(MATERIAL SUPPLIED Opens)

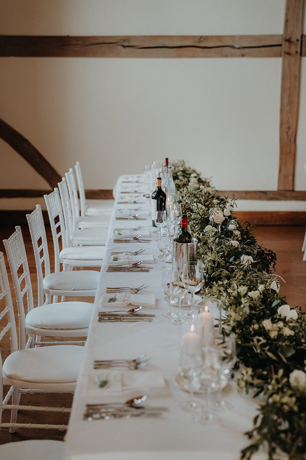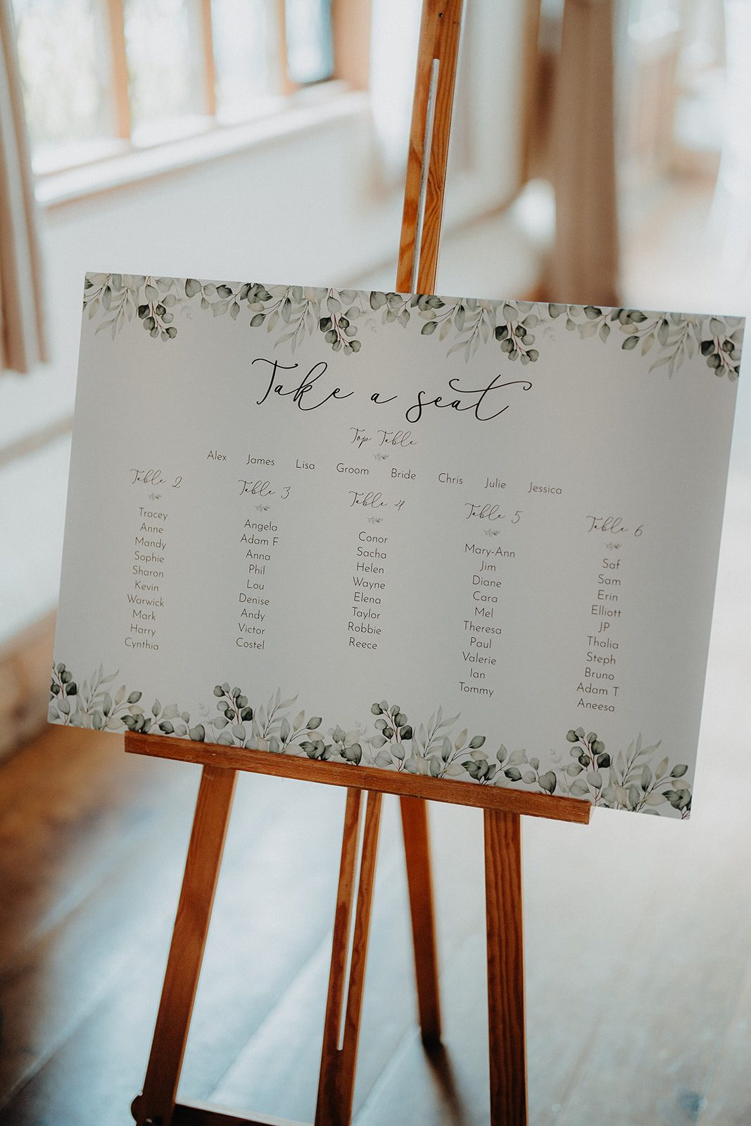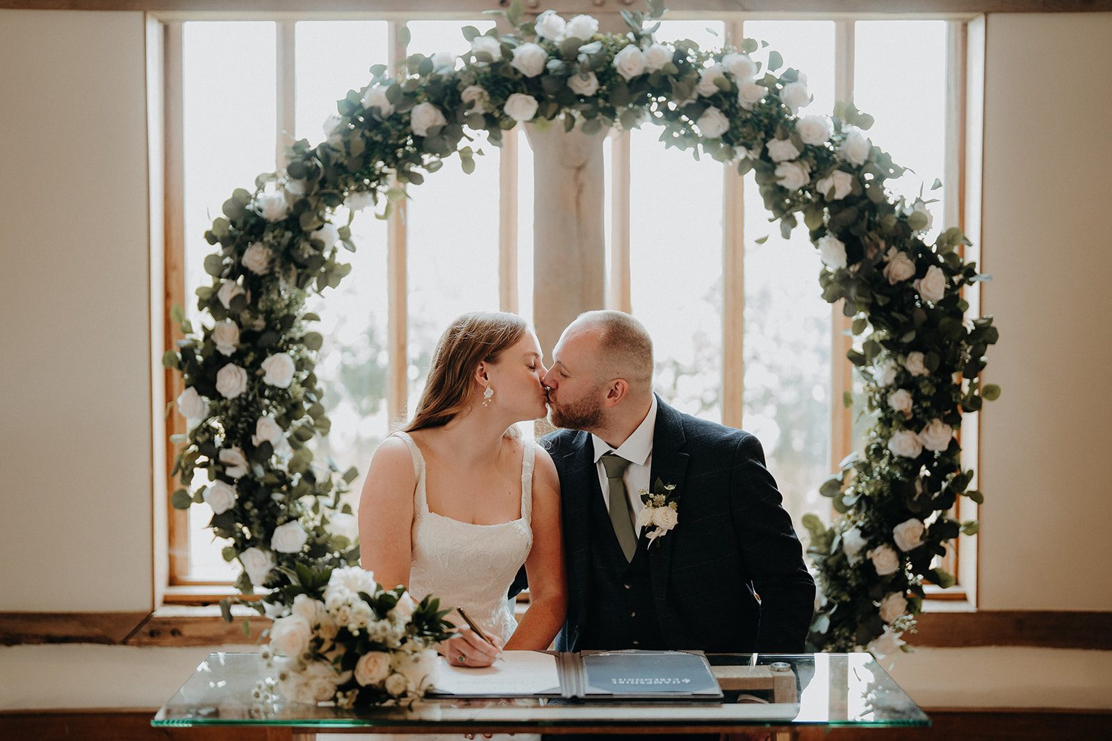 Opting for an intimate indoor ceremony Alicia & Matt said their “I do’s” in front of 60 of their nearest and dearest. Their backdrop was framed by a large floral hoop of white roses and greenery and soft spring light pouring through the floor to ceiling window. This timeless, neutral palette became the thread that tied the whole day together – from Alicia’s bridal bouquet and Matt’s buttonhole to the wedding breakfast centrepieces, the white three-tiered wedding cake, and the printed table plan featuring eucalyptus.
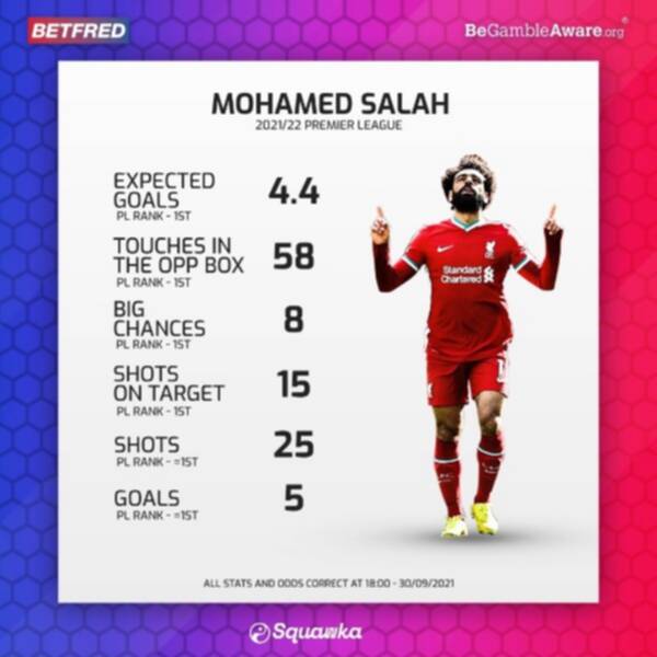 ووفقًا لشبكة “سكواوكا” للإحصاءات، فإن صلاح سيطر على الصدارة في إحصاءات اللاعبين بالبريميرليج هذا الموسم، حيث إنه أكثر من أحرز أهدافا (5)، وأكثر من سدد (25).
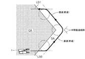 なお、外周領域SAにおいても、経路管理部60によって走行経路要素群が設定されている。外周領域SAにおいて設定された走行経路要素は、収穫機1が外周領域SAを走行する際に用いられる。外周領域SAにおいて設定された走行経路要素には、離脱経路、復帰経路、Uターン走行用中間直進経路などの属性値が与えられる。離脱経路は、収穫機1が作業対象領域CAを離脱して外周領域SAに入るために用いられる走行経路要素群を意味する。復帰経路は、収穫機1が外周領域SAから作業対象領域CAでの作業走行に復帰するために用いられる走行経路要素群を意味する。Uターン走行用中間直進経路(以下単に中間直進経路と略称する)は、外周領域SAでのUターン走行に用いられるUターン走行経路の一部を構成する直線状の経路である。即ち、中間直進経路は、Uターン走行の開始側の旋回経路とUターン走行の終了側の旋回経路とを接続する直線部分を構成する直線状の走行経路要素群であって、外周領域SAにおいて作業対象領域CAの各辺に平行に設けられた経路である。また、当初は渦巻き走行を行い、途中で直線往復走行に切り換えて作業走行を行う場合、渦巻き走行によって、未刈地は、全辺において作業対象領域CAよりも小さくなるため、効率良く作業走行を行うには、作業対象領域CA内でUターン走行をする方が、わざわざ外周領域SAにまで移動しなくても良いため、無駄な走行がなく、効率的である。そこで、作業対象領域CAでUターン走行が実行される場合には、中間直進経路は、未刈地の外周ラインの位置に応じて、内周側へ平行移動される。Note that the travel route element group is also set by the
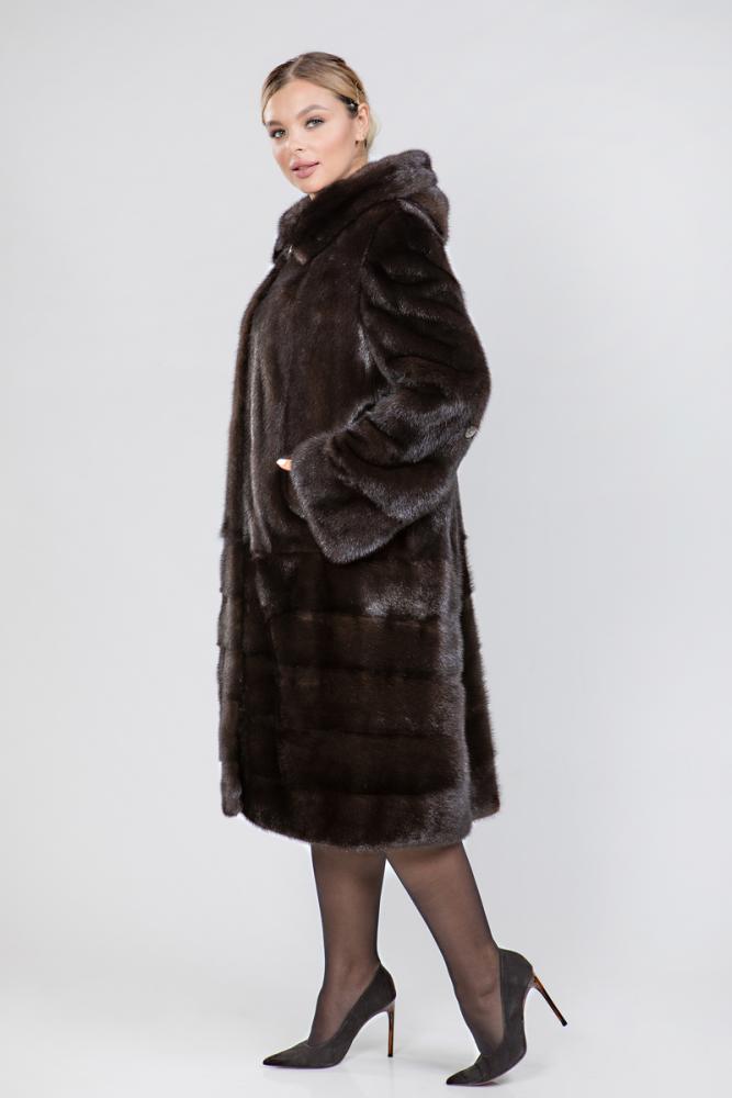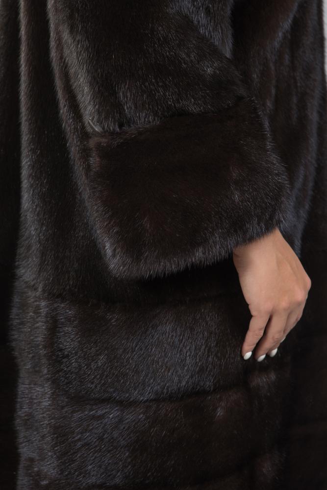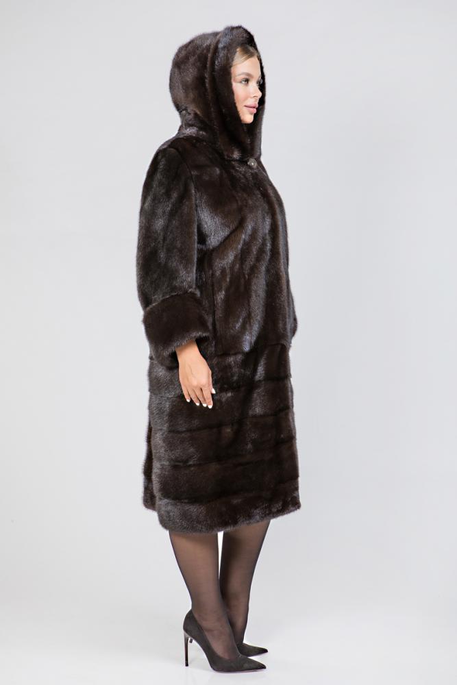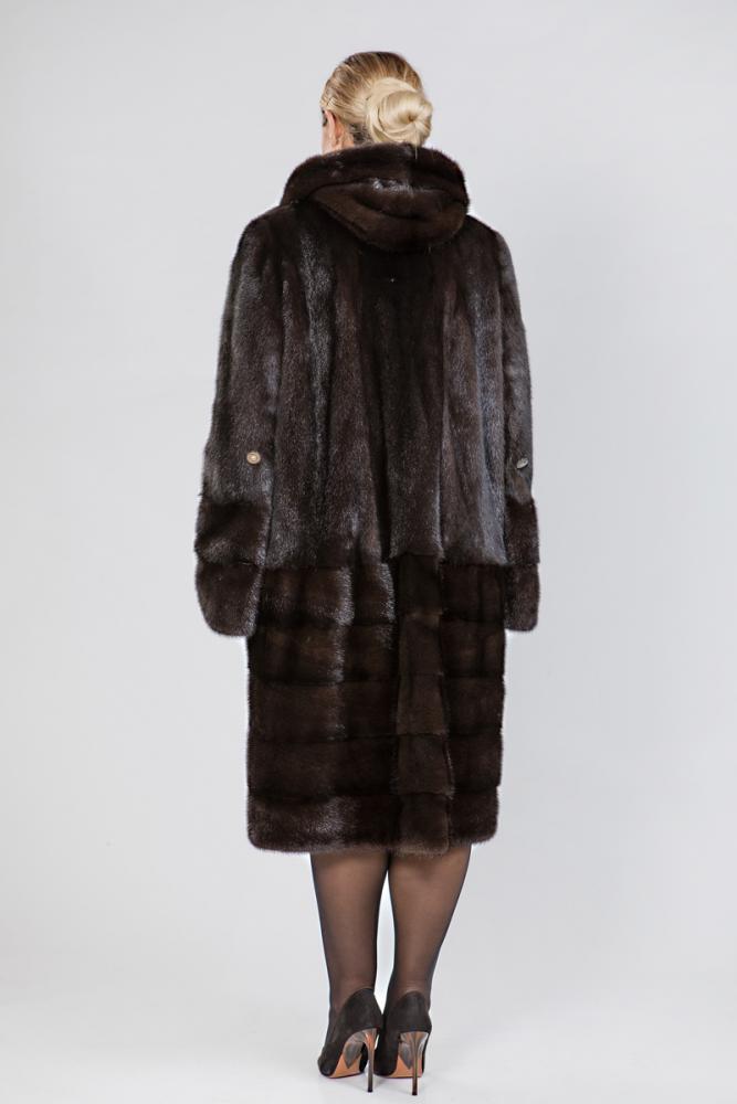 Полупальто из меха норки с капюшоном. Крой изделия роспуск, по низу и на рукавах поперечная выкладка пластин. Талия и рукава модели имеют регулирующие утяжки. Длина изделия 110 см. Благодаря уникальной технологии трансформера, рукава шубки укорачиваются с помощью пуговиц. Такое меховое пальто с укороченными рукавами можно носить с длинными перчатками или митенками!
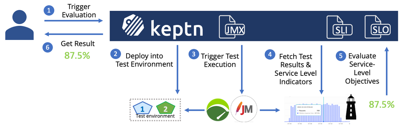 Keptn은 Keptn이 테스트 실행을 트리거하고 이러한 성능 테스트의 결과를 평가하도록 하여 테스트를 자동화하는 데 도움이 된다. 그런 다음 결과는 자동으로 처리되거나 Keptn Bridge에 표시되어 추가 결정을 내릴 수 있다.
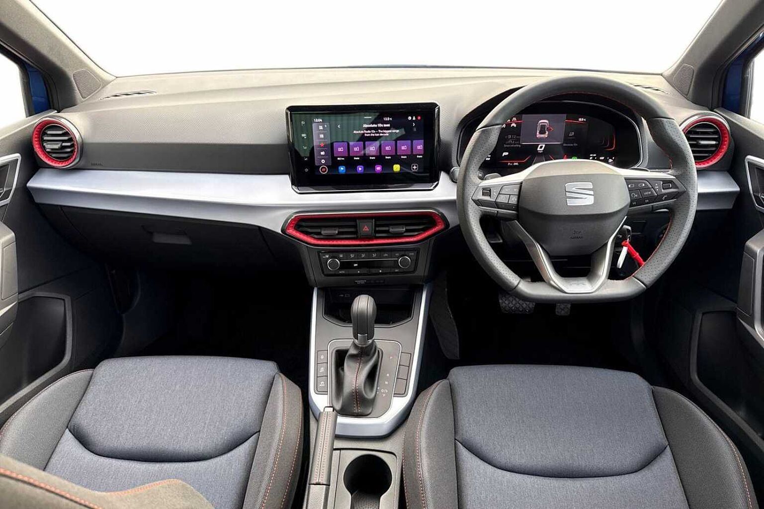 - Perforated Leather Flat-Bottomed Steering Wheel with Red Stitching and FR Logo with Leather Gear Knob and Handbrake
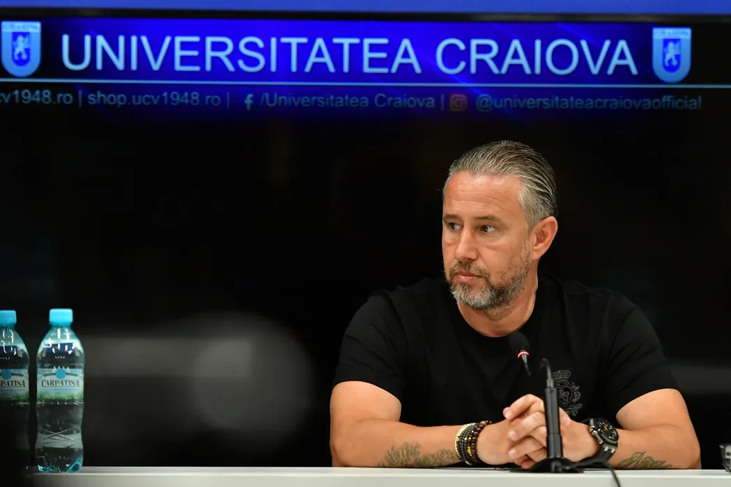 Laurentiu Reghecampf este prezentat oficial ca noul antrenor al echipei de fotbal Universitatea Craiova in cadrul unei conferinte de presa care a avut loc la stadionul Ion Oblemenco , marti 27 iulie 2021 . REMUS BADEA / MEDIAFAX FOTO
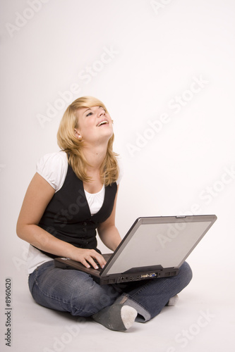 © Angie Lingnau, Naklejka premium lachende Frau mit Laptop

(MATERIAL SUPPLIED Closes)

Please output, exactly and with no pictures, only the lines from the one containing "- Perforated Leather" through the final line of the records above.

ANSWER AREA:
 - Perforated Leather Flat-Bottomed Steering Wheel with Red Stitching and FR Logo with Leather Gear Knob and Handbrake
 Laurentiu Reghecampf este prezentat oficial ca noul antrenor al echipei de fotbal Universitatea Craiova in cadrul unei conferinte de presa care a avut loc la stadionul Ion Oblemenco , marti 27 iulie 2021 . REMUS BADEA / MEDIAFAX FOTO
 © Angie Lingnau, Naklejka premium lachende Frau mit Laptop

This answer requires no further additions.